Dataset Start Marker

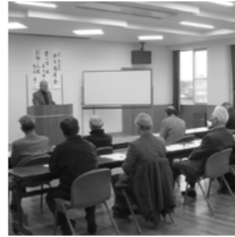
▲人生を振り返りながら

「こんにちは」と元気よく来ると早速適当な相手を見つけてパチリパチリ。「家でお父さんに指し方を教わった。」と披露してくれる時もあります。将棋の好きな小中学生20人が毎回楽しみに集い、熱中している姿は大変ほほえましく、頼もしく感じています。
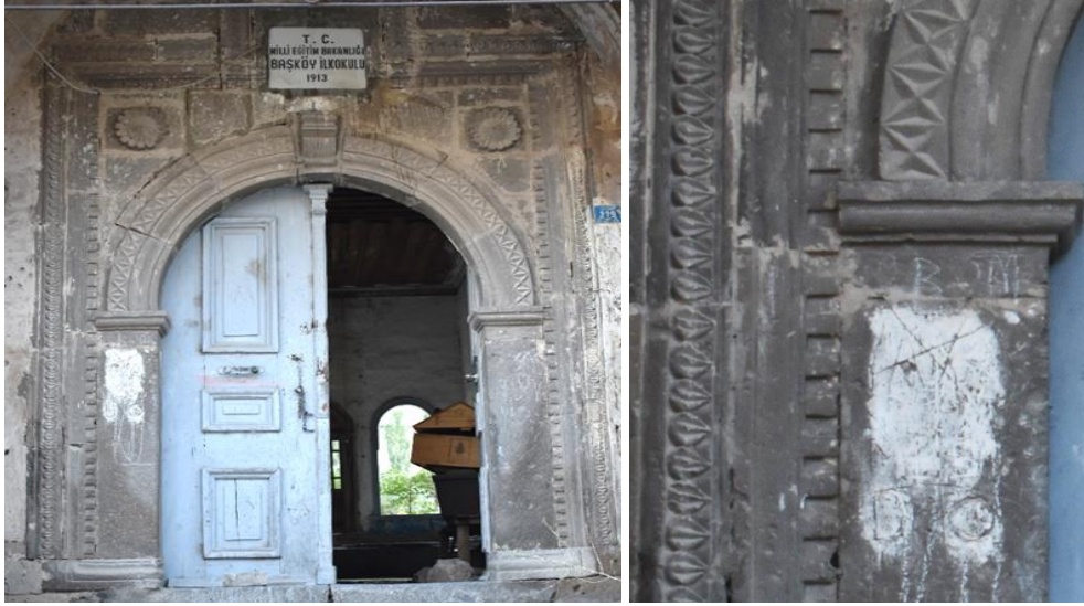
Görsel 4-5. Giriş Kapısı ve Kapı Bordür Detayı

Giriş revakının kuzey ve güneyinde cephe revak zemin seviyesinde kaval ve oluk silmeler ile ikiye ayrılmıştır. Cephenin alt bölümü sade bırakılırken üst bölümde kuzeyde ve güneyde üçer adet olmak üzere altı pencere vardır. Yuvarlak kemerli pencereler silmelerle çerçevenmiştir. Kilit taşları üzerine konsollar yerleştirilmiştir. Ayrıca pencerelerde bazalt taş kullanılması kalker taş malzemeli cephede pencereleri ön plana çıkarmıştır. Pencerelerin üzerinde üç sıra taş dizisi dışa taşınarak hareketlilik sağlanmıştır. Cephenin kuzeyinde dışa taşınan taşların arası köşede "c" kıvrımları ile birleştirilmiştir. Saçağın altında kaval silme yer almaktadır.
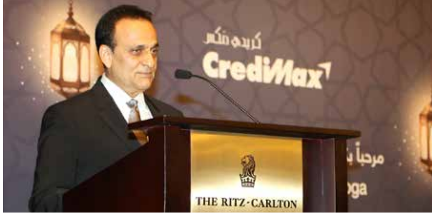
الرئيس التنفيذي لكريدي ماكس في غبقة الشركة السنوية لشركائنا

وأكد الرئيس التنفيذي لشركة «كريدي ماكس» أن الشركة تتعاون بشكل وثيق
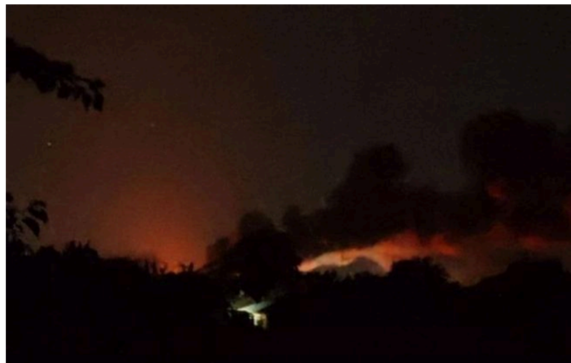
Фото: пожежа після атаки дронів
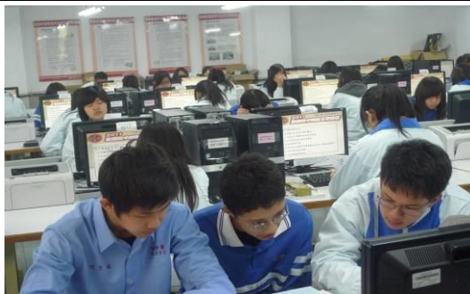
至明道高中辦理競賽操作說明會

Dataset End Marker
Dataset Start Marker

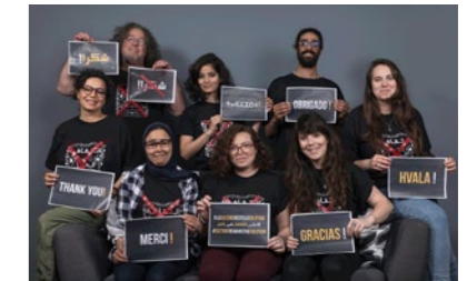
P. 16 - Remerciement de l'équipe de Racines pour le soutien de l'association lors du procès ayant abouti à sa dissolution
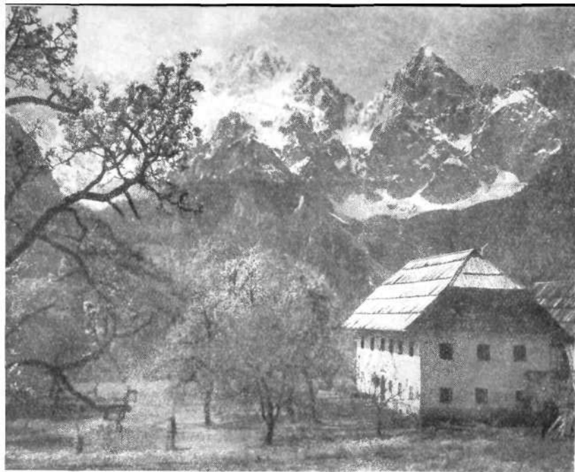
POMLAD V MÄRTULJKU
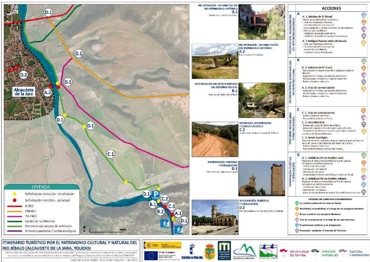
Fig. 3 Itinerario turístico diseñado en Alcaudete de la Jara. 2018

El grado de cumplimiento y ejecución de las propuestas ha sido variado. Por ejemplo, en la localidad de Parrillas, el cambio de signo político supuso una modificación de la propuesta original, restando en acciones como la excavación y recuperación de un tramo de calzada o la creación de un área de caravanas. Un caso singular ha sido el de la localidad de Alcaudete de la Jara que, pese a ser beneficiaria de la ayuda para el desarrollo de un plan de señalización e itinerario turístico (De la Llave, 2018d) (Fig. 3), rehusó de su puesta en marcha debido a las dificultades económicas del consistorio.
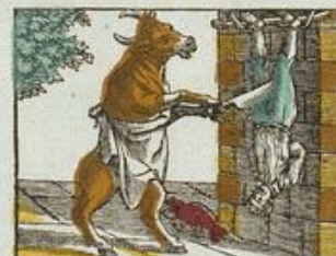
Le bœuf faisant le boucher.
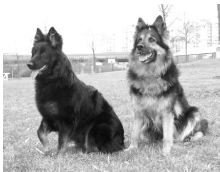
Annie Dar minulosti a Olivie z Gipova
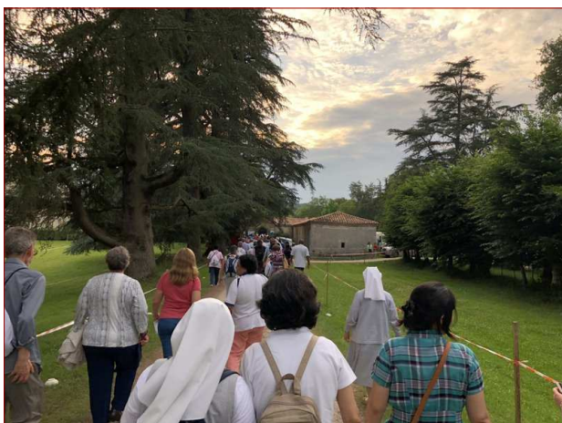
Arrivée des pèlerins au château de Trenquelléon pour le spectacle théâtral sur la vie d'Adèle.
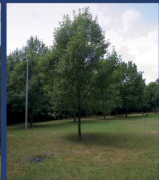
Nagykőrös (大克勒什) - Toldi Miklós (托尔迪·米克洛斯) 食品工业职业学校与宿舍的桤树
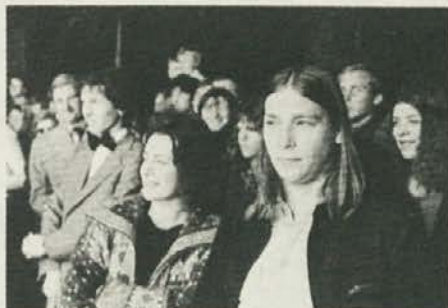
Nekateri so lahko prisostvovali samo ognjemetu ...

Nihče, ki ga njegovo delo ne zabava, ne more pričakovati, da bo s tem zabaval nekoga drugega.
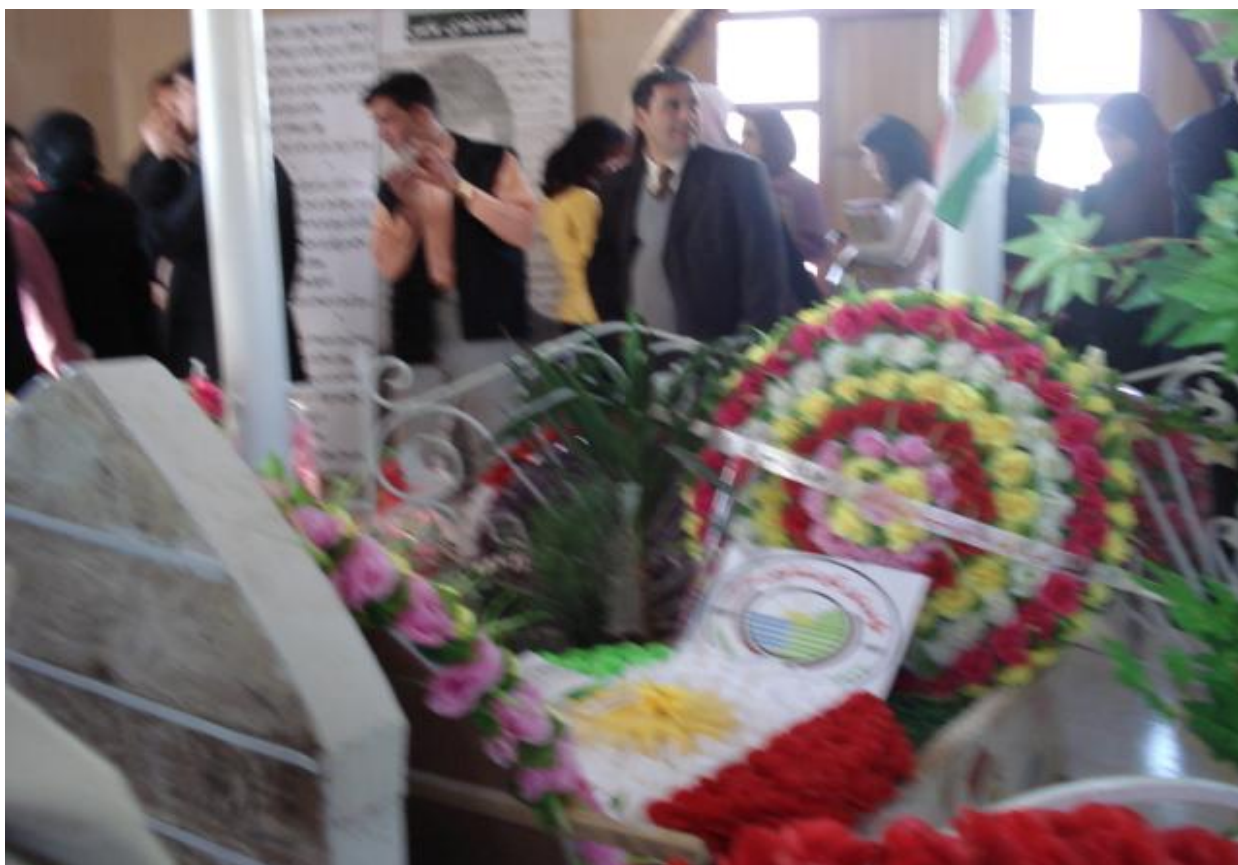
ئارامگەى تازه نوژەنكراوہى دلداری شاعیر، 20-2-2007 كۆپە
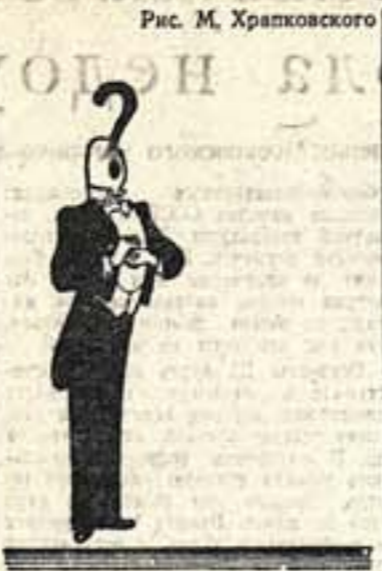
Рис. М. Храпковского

Dataset End Marker

◆ **Your assignment**
Within the data above, find the lines that contain the word "الرئيس" and copy each of them.

◆ **Response**
الرئيس التنفيذي لكريدي ماكس في غبقة الشركة السنوية لشركائنا
وأكد الرئيس التنفيذي لشركة «كريدي ماكس» أن الشركة تتعاون بشكل وثيق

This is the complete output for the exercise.